Morgan Mayfair said...

People seem so lost... Funny, there are answers out there, but you have to sift through so much hogwash to find them...

Jellyhead said...

Oh, you're tugging at my heartstrings today with those hello/goodbye stories! You write so evocatively Meggie.

fifi said...

What a beautiful memory to have! So romantic.
I hope you kept the notes...

I'm afraid I read the dog's name as Boobama. Naughty me!

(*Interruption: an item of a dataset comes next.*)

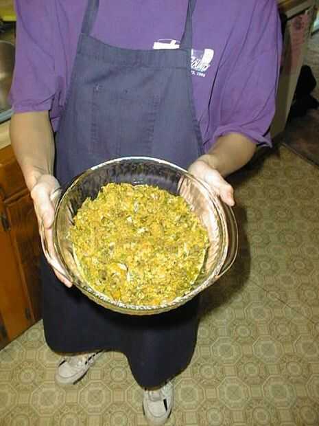 Continuar la cocción unos 10 minutos, revolviendo ocasionalmente. Preparación mezcle la mezcla de aderezo restante y suficiente pan rallado para hacer un húmedo pero no líquida. Revolver en castañas y los champiñones y cocinar por otro minuto. Retirar del fuego. Preparación de la cuchara en una bandeja de horno no engrasada y hornear durante 30 minutos. Retirar del horno, deseche las hojas de la bahía y revolver con la mantequilla y el restante 1/4 de taza cada cebolla verde y perejil.
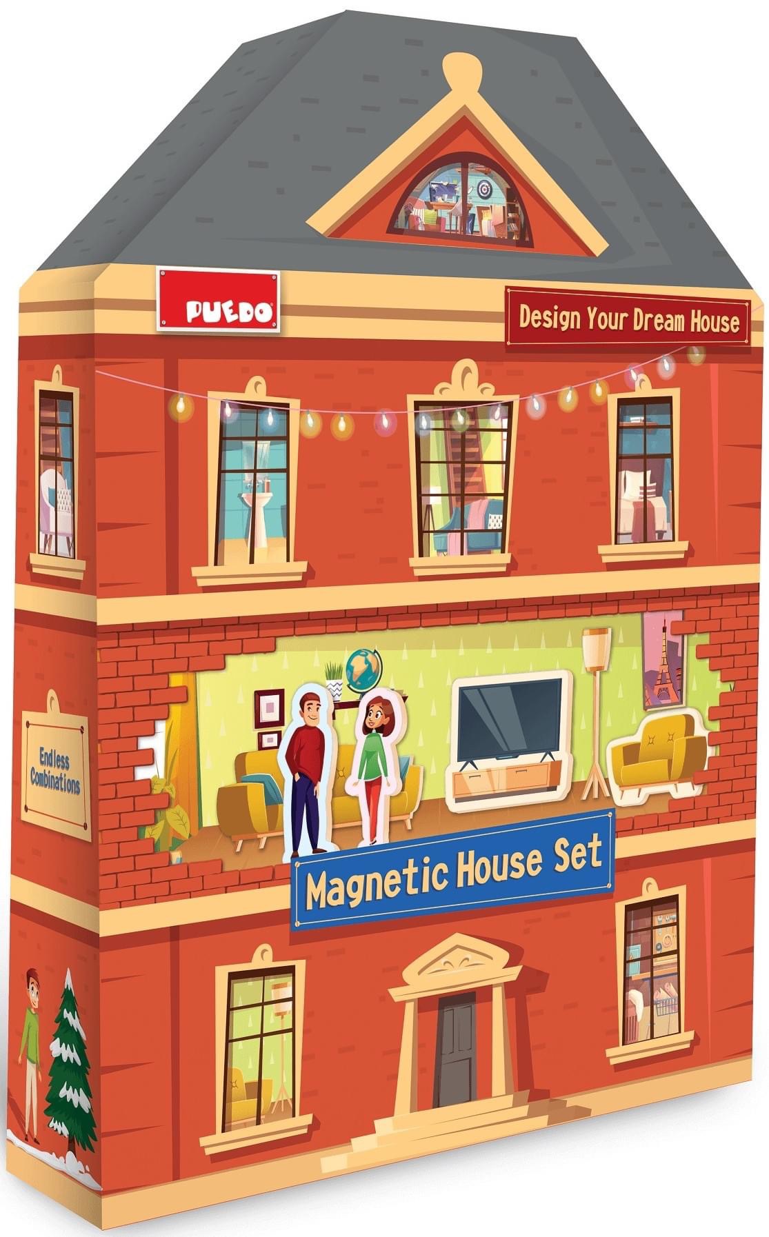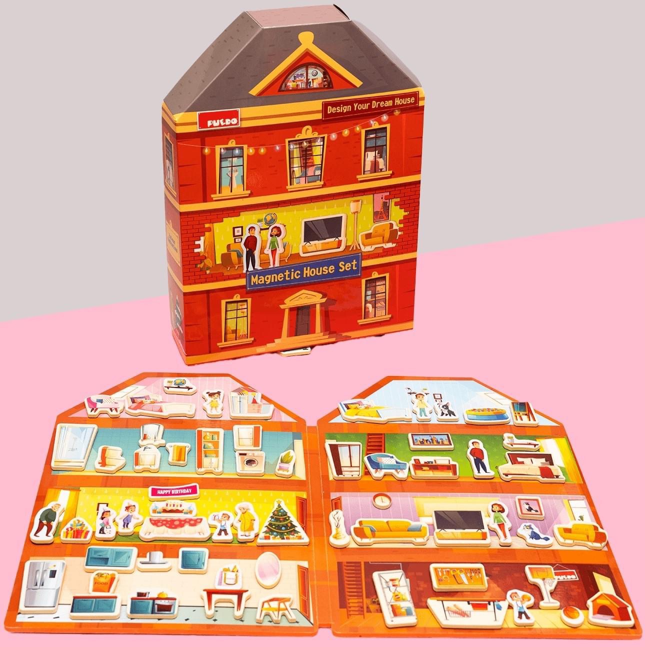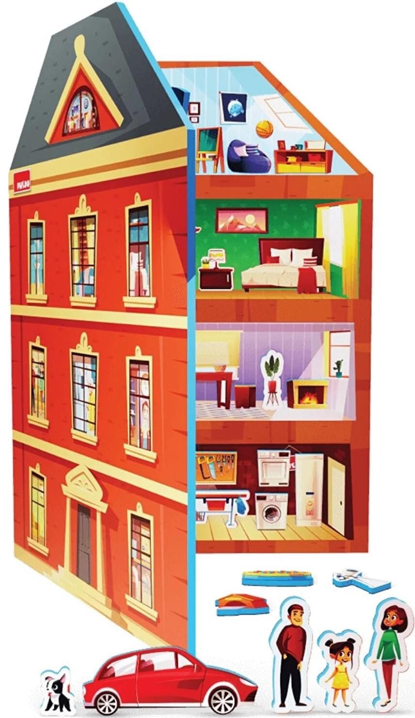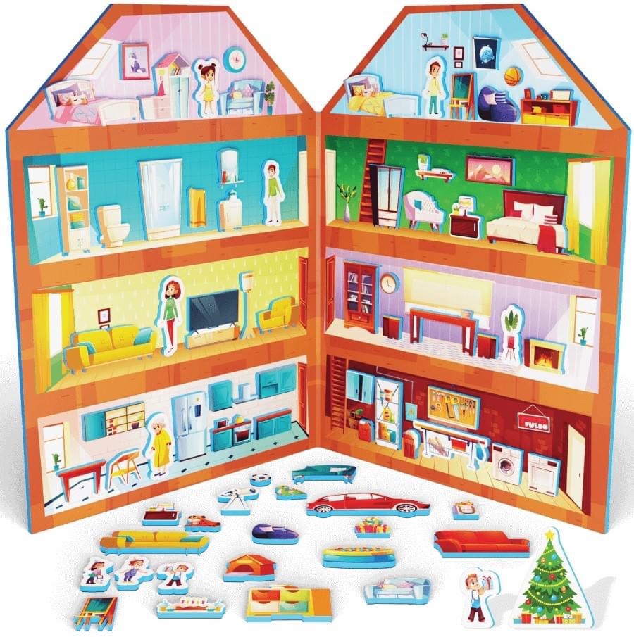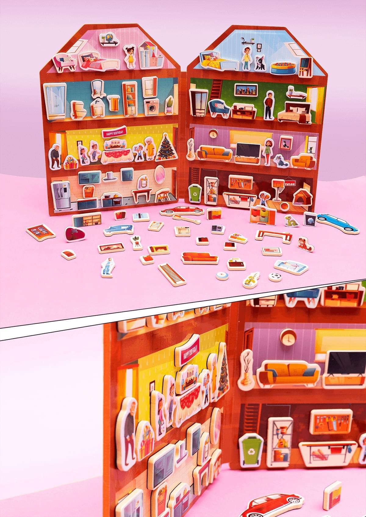 The magnetic house is specially designed as a book format made of foam and 100 different furniture items and household appliances. Each object contains a magnet coated with 4mm thick foam for delicate hands.

You reminded me of an airport homecoming: i rushed home from Egland on a whim and realsied on the plane it had been such a was so awful at the airport, my mother was so overcome with joy, and I was overcome with misery and remorse...awful....

peppermintpatcher said...

I love Bo's fluffy white socks at uneven lengths.

Pat said...

I'm a people watcher, too. The stories I make up in my mind about the people I watch are probably much more exciting than their actual stories ...

The Sagittarian said...

Oh I love airports for that very reason, so many emotions milling about and spilling over. One of my happiest memories is from January this year when we flew from brisbane to Sydney to catch up with friends of mine and my 11 year old practically elbowed her way off the plane and literally ran and jumped up to one of the friends - she was so excited to see him again! (He's like a Uncle to her)

Alby Mangroves said...

One of my favourite Beatles songs. Your description of the exes and their children made me sad. Very eloquent. The Man and I have discussed our views on these things.. never speaking badly of the other parent, etc. I wonder if this is as necessary to some people as it seems to others, or if it's that much harder to achieve if you hate each other.

The Fool said...

Arrivals and departures at airport terminals and train stations fascinate me, too. Having been the prodigal son, the father, and the lover in such settings so many times over the years, I must say I prefer the aloof content and distance of the quiet observer. Hello-Goodbyes...there's so much said without/beyond words. Nice post. Thanks for sharing.

Lone Grey Squirrel said...

I really enjoyed this post; both about the story of your romantic poetic gift giver and your observations on hellos and goodbyes. Indeed when I too have observed the dance of the estranged parents, i just wonder why they couldn't work it out. Why wasn't love enough.

Molly said...

You brought tears to my eyes with your hellos/ goodbyes!

Tanya said...

I love reading your thoughts and seeing your train station and airport and people you observe. I wish I and the power of observance that you do.

I agree with you about all the dogs in the world needing safe, loving, healthy, happy lives.

I heard someone say if your think about your age you will become that age. I try not to recognize my age (which is not to say I'm trying to be blatently younger than I am.)